The summer break saw a driver market saga regarding Fernando Alonso, Oscar Piastri and Alpine; this will be the first weekend after the events when all these parties meet. In addition, McLaren and Alpine will be battling off-track regarding young star Oscar Piastri. Piastri stated that he wouldn’t be driving for the Alpine next season regardless of their press release. It will be interesting to see how the Oscar Piastri contract saga plays out.

Elsewhere, Formula 2 driver Logan Sargeant has stated that he will have to perform well at the upcoming triple header to be in contention for a seat with Williams in 2023. Only four weekends are left in the F2 championship, so the American has his task cut out to prove to Williams that he is worthy of a race seat in 2023.

Elsewhere, Alpha Tauri’s Yuki Tsunoda and Haas’ Mick Schumacher are yet to sign a contract with their respective teams for next season.
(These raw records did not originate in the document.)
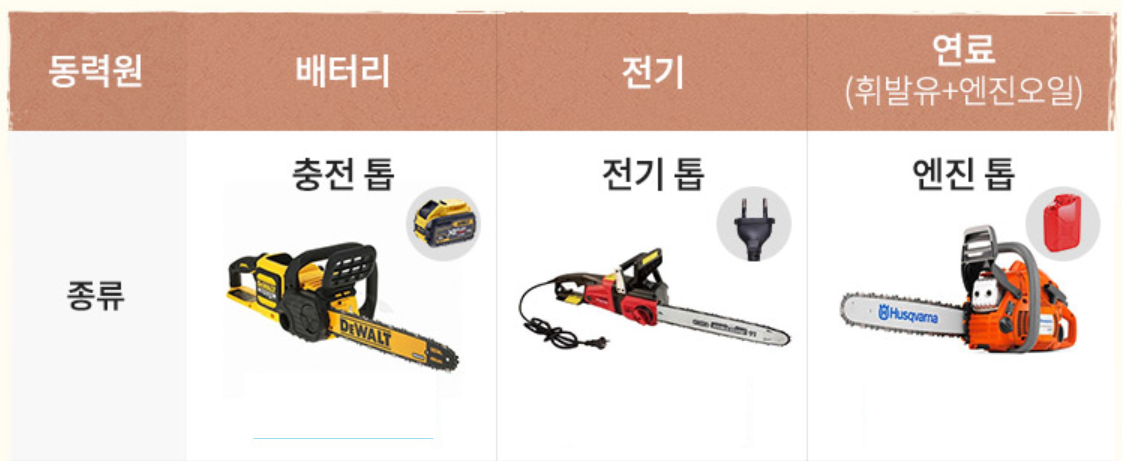 체인톱이란 체인형 톱날을 장착한 공구를 고속회전시켜 사용하는 절단을 위한 전용 공구로, 동력원에 따라 충전톱, 전기톱, 엔진톱으로 나눌 수 있습니다. 따라서, 체인톱을 구매할 때는 내가 어떠한 동력원을 사용할 것인지 선택한 후 구매하는 것이 중요합니다.
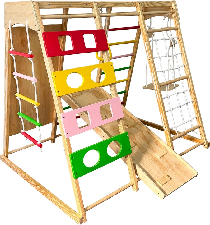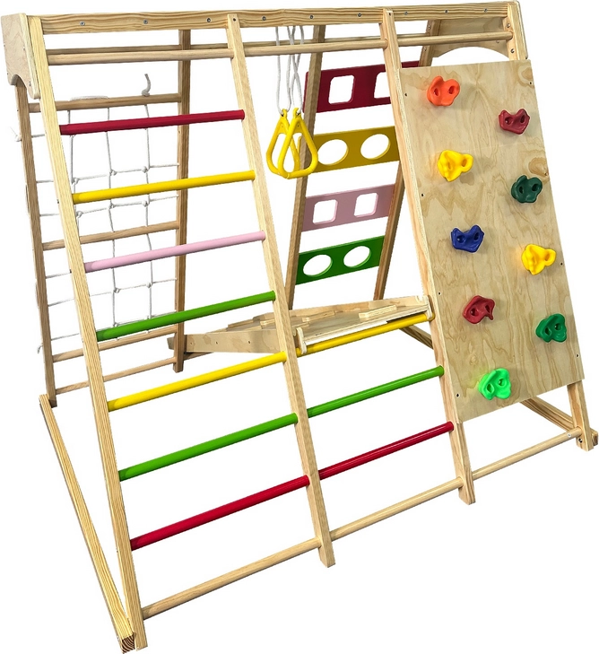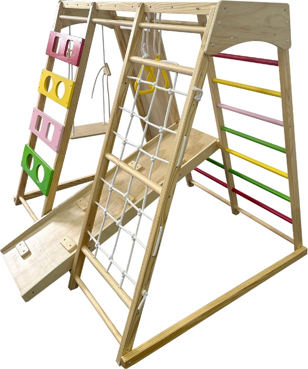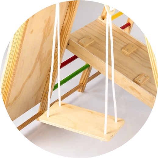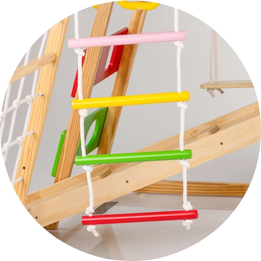 Dieses robuste Indoor-Klettergerüst aus Massivholz bietet Kindern eine vielfältige Palette an Aktivitäten an einem Ort. Dank der stabilen Konstruktion und abgerundeten Kanten ermöglicht es sicheres Klettern, Hangeln, Rutschen und Hängen. Mehrere Spielelemente in einem Set sparen Platz und motivieren Kinder zu natürlicher Bewegung jeden Tag.
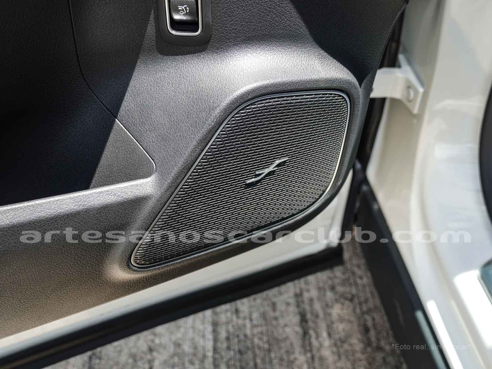 12 parlantes (1 altavoz de medios de alta gama como altavoz central, Un altavoz premium de medios y graves en las puertas delanteras y traseras, Un altavoz de agudos en cada puerta delantera (escuadra del retrovisor) y trasera, 2 altavoces de medios surround en el montante C / en la repisa trasera, 1 subwoofer con un consumo de 60 vatios en la zona trasera).

However, the next triple header weekends could see some activity regarding these two drivers and their contracts for the 2023 season.

Credit: Joe Portlock

Final Engine Freeze Deadline

All development on the engines of F1 cars will stop by 1 September 2022, the second deadline regarding the engine freeze for the next three seasons. The initial deadline for the engine freeze was before the start of the season, on 1 March 2022. This saw manufacturers freeze development on the Internal Combustion Engines (ICE), Turbo, Motor Generator Unit - Heat (MGU-H), Exhaust systems, Engine oil specifications and fuel specifications. Teams had to homologate these parts with the FIA. These will be used for the next three seasons until the new engine regulations come into force in 2026.

However, an additional second deadline had been provided to teams to work on specific parts until 1 September 2022. The features considered here are the Motor Generator Units - Kinetic (MGU-K), Energy Stores, and Control Electronics. In the event of manufacturers experiencing issues with the reliability of their engine components, they must follow a complex process to be able to modify the parts with the permission of the FIA. The other manufacturers will be given a heads-up regarding this and be allowed to provide their opinions. This will prevent teams from using reliability fixes as an excuse to gain performance.

The weekend at Spa will be the final weekend before this engine freeze comes into force. After that, teams will assess the pace of their engines for one last time before homologating the final parts with the FIA.